The eight commands corresponding to the gestures can also be activated with a numeric keypad that corresponds  to the location of the endpoint of the gesture: 1-backward, 3-activate, 7-cancel, and 9-forward. Since smartphones have a joystick which can be used for up, down, left and right, the numeric keypad isn’t necessary, but the 2,4,6 and 8 keys can also be used for movement in the corresponding directions.

            

Figure 2. Screen area            Figure 3. The gesture set.
accessible with one hand.

Using Command Gestures within AppLens

AppLens zoom levels can be changed using activate and cancel gesture commands. The activate command gesture propagates the equivalent of a stylus tap to the current input target, hence its effects are target-specific. The activate gesture zooms in, animating the layout first from Notification to Context zoom, and then to Full zoom. Once at Full zoom, the input cursor will transition to the objects within the application, at which point the command gestures will affect the current target, not the application itself. In this way the AppLens architecture is hierarchical. The cancel command acts to negate the effects of the activate command. At Full zoom, the effects of the cancel command depend on the location of the cursor and the state of its target. If the current target is an internal target in an activated state, the cancel command deactivates the target.  If, however, the target is in an inactive state, the cancel command causes the application tile to animate from Full zoom to Context Zoom, and if issued again, to Notification zoom.
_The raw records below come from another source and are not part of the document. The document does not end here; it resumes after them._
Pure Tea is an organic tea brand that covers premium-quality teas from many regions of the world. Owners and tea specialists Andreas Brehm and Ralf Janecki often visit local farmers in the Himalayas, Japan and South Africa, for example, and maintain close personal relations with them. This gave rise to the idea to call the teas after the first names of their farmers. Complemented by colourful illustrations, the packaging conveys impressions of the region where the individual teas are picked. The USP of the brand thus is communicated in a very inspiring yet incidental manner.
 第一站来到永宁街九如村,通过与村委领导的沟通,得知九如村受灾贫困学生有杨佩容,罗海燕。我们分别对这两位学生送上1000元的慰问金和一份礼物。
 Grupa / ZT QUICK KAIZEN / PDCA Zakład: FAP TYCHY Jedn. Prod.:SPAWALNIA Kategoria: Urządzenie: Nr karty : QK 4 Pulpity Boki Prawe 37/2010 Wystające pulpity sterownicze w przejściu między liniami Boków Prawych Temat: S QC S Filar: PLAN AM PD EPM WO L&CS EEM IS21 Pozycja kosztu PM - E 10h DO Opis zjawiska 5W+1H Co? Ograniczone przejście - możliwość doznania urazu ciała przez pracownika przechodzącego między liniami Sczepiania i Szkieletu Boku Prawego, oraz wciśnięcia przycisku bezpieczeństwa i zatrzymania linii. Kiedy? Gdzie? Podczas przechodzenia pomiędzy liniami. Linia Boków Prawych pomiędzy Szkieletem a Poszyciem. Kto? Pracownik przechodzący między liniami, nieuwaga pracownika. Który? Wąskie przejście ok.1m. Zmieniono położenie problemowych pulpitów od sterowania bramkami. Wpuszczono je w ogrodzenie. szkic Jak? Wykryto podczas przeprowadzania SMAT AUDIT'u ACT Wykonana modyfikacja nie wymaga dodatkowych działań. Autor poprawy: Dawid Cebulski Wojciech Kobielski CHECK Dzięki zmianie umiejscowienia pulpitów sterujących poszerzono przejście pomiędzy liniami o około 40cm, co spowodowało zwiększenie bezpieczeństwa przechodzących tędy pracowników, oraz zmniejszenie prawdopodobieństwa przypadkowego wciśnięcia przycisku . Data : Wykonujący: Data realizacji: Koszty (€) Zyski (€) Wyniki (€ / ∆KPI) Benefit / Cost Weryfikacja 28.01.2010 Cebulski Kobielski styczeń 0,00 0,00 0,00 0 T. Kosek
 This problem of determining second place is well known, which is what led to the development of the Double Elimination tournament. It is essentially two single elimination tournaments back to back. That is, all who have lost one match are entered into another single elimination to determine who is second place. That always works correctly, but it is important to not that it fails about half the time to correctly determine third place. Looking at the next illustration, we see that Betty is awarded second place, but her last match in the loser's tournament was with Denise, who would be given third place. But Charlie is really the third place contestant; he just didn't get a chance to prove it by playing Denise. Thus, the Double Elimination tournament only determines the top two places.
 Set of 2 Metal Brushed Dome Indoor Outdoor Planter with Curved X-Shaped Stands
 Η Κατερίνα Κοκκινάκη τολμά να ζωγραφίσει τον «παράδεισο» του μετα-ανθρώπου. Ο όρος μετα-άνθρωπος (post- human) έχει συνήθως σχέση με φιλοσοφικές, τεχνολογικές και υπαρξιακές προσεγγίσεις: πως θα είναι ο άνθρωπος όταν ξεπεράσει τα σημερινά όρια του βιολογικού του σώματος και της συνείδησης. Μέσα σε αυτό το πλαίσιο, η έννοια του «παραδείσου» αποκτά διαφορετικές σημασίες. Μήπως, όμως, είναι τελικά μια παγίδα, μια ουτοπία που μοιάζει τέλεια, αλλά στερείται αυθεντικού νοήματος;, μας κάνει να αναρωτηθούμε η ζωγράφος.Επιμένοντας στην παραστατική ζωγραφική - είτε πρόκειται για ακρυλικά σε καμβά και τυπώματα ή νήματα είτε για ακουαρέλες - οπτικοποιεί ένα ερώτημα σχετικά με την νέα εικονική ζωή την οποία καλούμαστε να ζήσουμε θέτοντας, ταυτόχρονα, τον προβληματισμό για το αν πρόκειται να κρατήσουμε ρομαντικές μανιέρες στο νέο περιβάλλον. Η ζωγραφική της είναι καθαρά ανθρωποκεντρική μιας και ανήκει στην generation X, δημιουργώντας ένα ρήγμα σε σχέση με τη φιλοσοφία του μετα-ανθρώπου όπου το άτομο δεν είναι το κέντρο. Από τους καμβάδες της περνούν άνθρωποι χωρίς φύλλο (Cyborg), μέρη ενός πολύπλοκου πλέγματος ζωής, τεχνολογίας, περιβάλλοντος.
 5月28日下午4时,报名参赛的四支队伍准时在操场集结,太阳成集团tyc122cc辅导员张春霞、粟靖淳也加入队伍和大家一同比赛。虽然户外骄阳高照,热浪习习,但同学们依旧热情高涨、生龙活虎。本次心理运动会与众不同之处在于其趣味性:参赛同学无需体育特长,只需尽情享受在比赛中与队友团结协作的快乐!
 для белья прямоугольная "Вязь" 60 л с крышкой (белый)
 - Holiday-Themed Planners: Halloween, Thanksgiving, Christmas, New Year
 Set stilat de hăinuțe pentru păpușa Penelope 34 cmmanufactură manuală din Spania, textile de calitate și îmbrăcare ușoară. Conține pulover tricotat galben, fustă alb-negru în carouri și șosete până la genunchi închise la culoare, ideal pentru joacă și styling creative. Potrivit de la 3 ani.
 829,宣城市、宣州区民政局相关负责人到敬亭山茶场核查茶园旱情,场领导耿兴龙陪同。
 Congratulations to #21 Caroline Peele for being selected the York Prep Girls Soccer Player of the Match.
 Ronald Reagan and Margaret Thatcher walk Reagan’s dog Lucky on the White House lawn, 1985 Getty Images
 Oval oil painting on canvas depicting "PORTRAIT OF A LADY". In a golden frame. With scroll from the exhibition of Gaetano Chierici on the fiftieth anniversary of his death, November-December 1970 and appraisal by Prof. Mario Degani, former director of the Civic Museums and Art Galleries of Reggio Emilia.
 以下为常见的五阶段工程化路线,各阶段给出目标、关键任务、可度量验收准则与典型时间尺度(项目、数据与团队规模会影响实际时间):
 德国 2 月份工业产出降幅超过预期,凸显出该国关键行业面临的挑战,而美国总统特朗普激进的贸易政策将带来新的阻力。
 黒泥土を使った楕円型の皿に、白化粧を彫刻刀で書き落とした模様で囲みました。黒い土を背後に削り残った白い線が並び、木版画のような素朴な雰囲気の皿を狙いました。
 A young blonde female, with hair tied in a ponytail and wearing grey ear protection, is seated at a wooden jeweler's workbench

The Zoom+Pan Approach: LaunchTile

Our second design, LaunchTile proposes another way to interact with a grid of notification tiles. The primary shell of the LaunchTile design is an interactive zoomspace consisting of 36 notification tiles, divided into 9 zones of 4 tiles each. As a central design element, LaunchTile uses a large blue onscreen button (called Blue) to provide a consistent point of reference for zooming and panning navigation, and to unify the shell and applications with a consistent visual metaphor. Onscreen tiles, menus, and functions maintain a consistent relative position to Blue.

Home Screen

The Home screen of LaunchTile divides the screen area into 4 equally-sized notification tiles (Figure 4a). The Home screen represents the 4 center-most tiles of the 36-tile zoomspace. To see other tiles, the user pans around the space, and the system snaps to each 4-tile group, called a Zone. In this paper, the zones are described with a numerical designator from 1 to 9, starting in the upper left, and going across. This maps to the numbers on a conventional telephone keypad. Zone 5 is the center zone, which defines the home screen, and shows the 4 highest priority notification tiles, as configured by the user.

Panning Techniques

To support different input hardware and various styles of interaction, there are several ways to pan around the zoomspace. If the device has a multidirectional control joystick, the user can push it in the direction of the targeted zone. This design permits the user to quickly glance at the 4 highest priority tiles with no interaction, and the 16 tiles in zones 2, 4, 6, and 8 are a single tap away. As many directional pads do not support diagonal action, the 16 additional tiles in the corner zones 1, 3, 7, and 9 are two taps away. As with AppLens, the zoomspace does not wrap. There are also three other panning techniques. If the device has a  touch-sensitive display, the user can use his or her thumb to drag the canvas around. When doing so, dragging action is “on rails”, permitting the user to drag vertically and horizontally, but not diagonally. When panning, Blue remains stationary, and snaps the view to the center of each zone, represented by an empty circular space in the hub of 4 tiles in the zone. These virtual guides help keep the user from getting caught between zones.

Within each 4-tile zone, we’ve also designed an indicator widget to show the user’s relative location within the zoomspace. The indicator has two components. First, directional arrows show where other zones are. If users only see indicators pointing up and right, they know they are in zone 7. Next to the directional arrows are blue dots that represent all zones not currently in view. The blue dots could also be used to indicate an alert or status change in a neighboring zone, though this feature was not implemented in our prototype. The fourth way to pan around the zoomspace is to press this directional indicator itself. An oversized hit target ensures that the user can easily hit this without using a stylus.

 

 

                           (a)                                               (b)

     

                         (c)                                                    (d)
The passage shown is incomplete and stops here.